相反,您可以使用字典来存储去重后的字符串,其中您关心的字符串部分作为键,以便in操作符可以正常工作:
new = {}
for i in carner_list:
    key = i[38:]
    if key not in new:
        new[key] = i
print(list(new.values()))

这个输出:

['<a href="/lyric/34808442/Loyle+Carner/Damselfly">Damselfly</a>', '<a href="/lyric/33661937/Loyle+Carner/The+Isle+of+Arran">The Isle of Arran</a>', '<a href="/lyric/33661936/Loyle+Carner/Mean+It+in+the+Morning">Mean It in the Morning</a>']

1

目前您的搜索方式是,检查子字符串是否与 new_list 中的任何内容相等。这永远不会成立,因为它是一个子字符串。

您可以使用 lambda 函数,过滤出真实结果以查看该项是否在新列表中。
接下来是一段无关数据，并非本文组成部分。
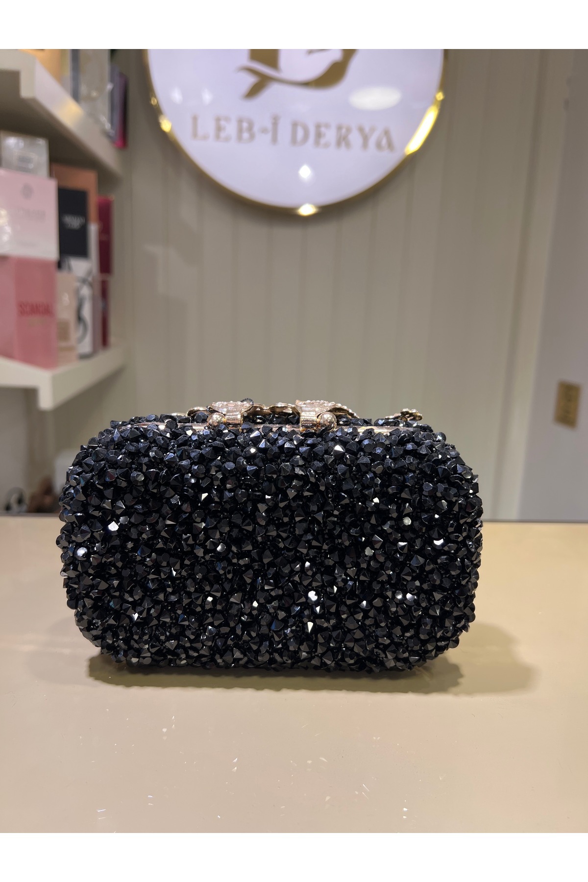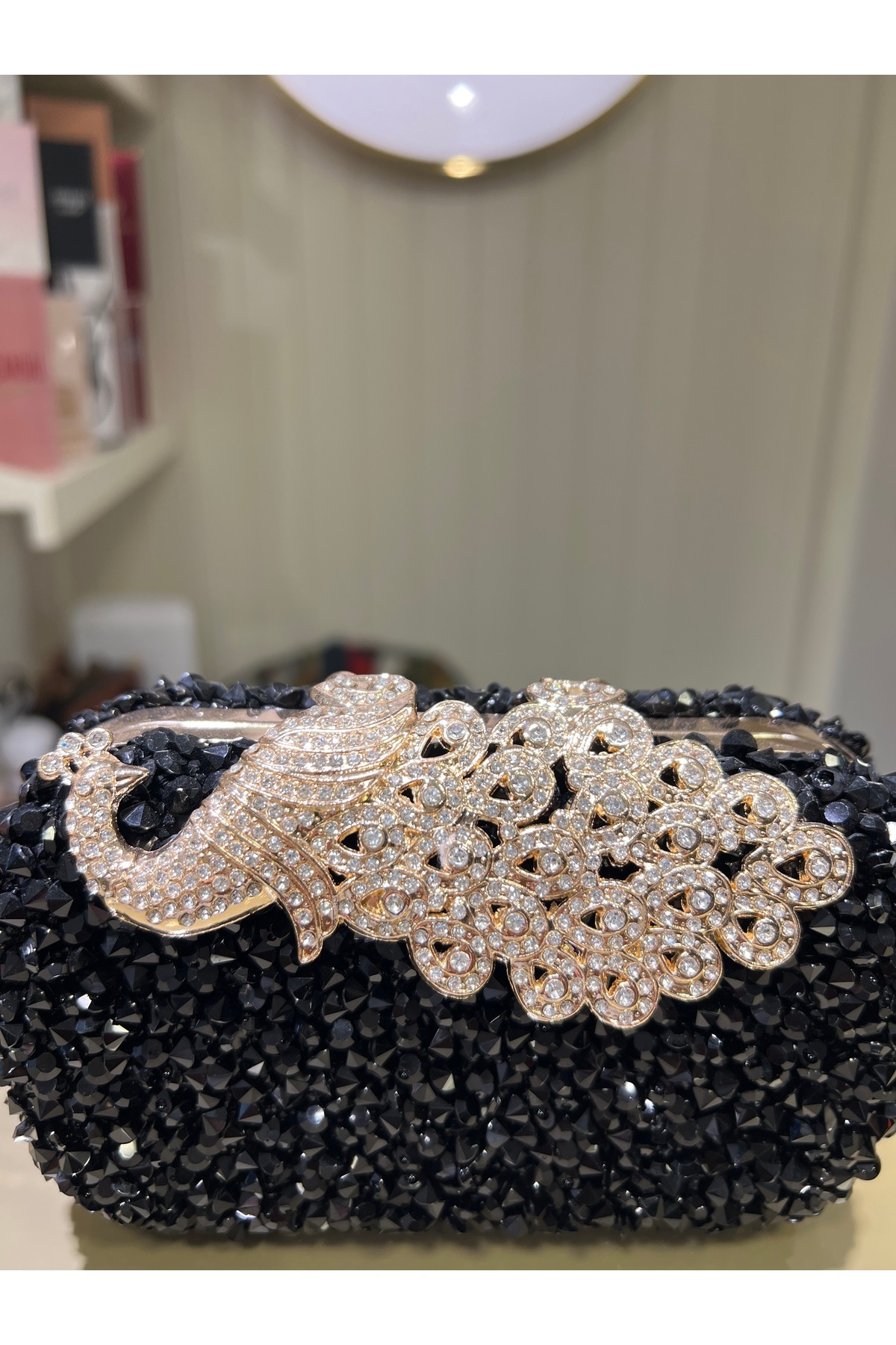 Tavuskuşu desenli siyah taşlı abiye çanta Tavuskuşu desenli siyah taşlı abiye çanta LD109 تک سایز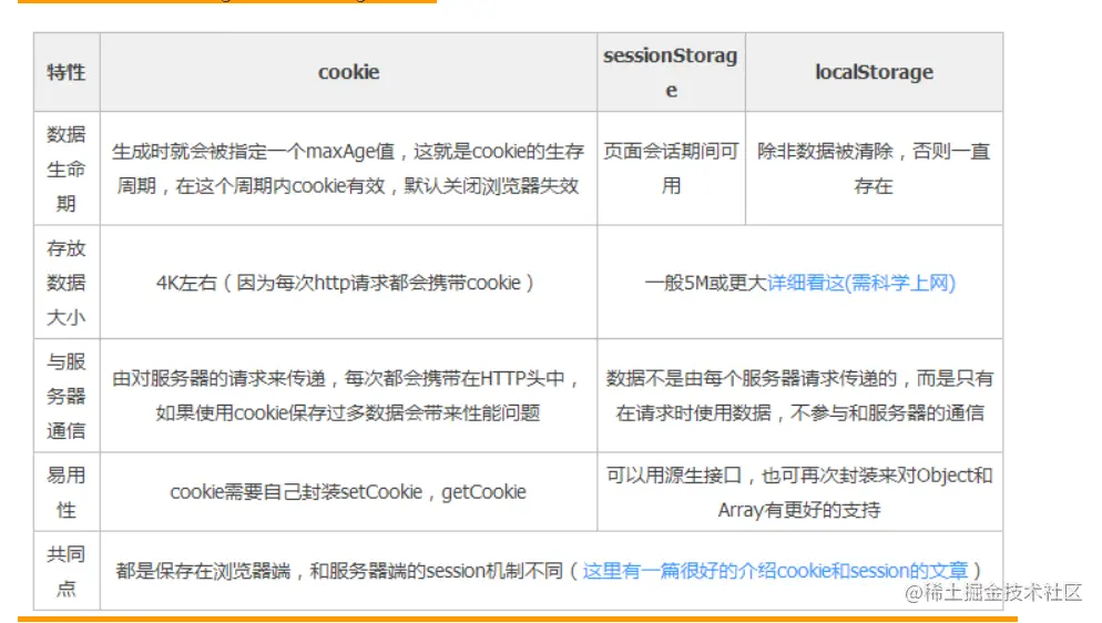 cookie、localstorage、sessionStorage的区别

然后将其转换为列表,并检查该列表的长度是否不等于 0。

len(list(filter(lambda x: i[38:] in x, new_list))) != 0

最终代码。
carner_list = ['<a href="/lyric/34808442/Loyle+Carner/Damselfly">Damselfly</a>',
 '<a href="/lyric/37311114/Loyle+Carner/Damselfly">Damselfly</a>',
 '<a href="/lyric/37360958/Loyle+Carner/Damselfly">Damselfly</a>',
 '<a href="/lyric/33661937/Loyle+Carner/The+Isle+of+Arran">The Isle of Arran</a>',
 '<a href="/lyric/33661936/Loyle+Carner/Mean+It+in+the+Morning">Mean It in the Morning</a>']


new_list = []

for i in carner_list:
    if len(list(filter(lambda x: i[38:] in x, new_list))) != 0:
        print("found")
    else:
        new_list.append(i)
        print("not")

1
使用BeautifulSoup解析HTML,然后进行检查。 示例:
from bs4 import BeautifulSoup

carner_list = ['<a href="/lyric/34808442/Loyle+Carner/Damselfly">Damselfly</a>',
 '<a href="/lyric/37311114/Loyle+Carner/Damselfly">Damselfly</a>',
 '<a href="/lyric/37360958/Loyle+Carner/Damselfly">Damselfly</a>',
 '<a href="/lyric/33661937/Loyle+Carner/The+Isle+of+Arran">The Isle of Arran</a>',
 '<a href="/lyric/33661936/Loyle+Carner/Mean+It+in+the+Morning">Mean It in the Morning</a>']

new_list = []
check_val = set()
for i in carner_list:
    s = BeautifulSoup(i, "html.parser")
    if s.text not in check_val:    #check for text
        new_list.append(i)
        check_val.add(s.text)
print(new_list)

输出:

['<a href="/lyric/34808442/Loyle+Carner/Damselfly">Damselfly</a>',
 '<a href="/lyric/33661937/Loyle+Carner/The+Isle+of+Arran">The Isle of '
 'Arran</a>',
 '<a href="/lyric/33661936/Loyle+Carner/Mean+It+in+the+Morning">Mean It in the '
 'Morning</a>']

1
为什么不使用正则表达式?
import re
carner_list = ['<a href="/lyric/34808442/Loyle+Carner/Damselfly">Damselfly</a>',
 '<a href="/lyric/37311114/Loyle+Carner/Damselfly">Damselfly</a>',
 '<a href="/lyric/37360958/Loyle+Carner/Damselfly">Damselfly</a>',
 '<a href="/lyric/33661937/Loyle+Carner/The+Isle+of+Arran">The Isle of Arran</a>',
 '<a href="/lyric/33661936/Loyle+Carner/Mean+It+in+the+Morning">Mean It in the Morning</a>']

print({re.findall(r'"([^"]*)"', x)[0].split("/")[4]: x for x in carner_list })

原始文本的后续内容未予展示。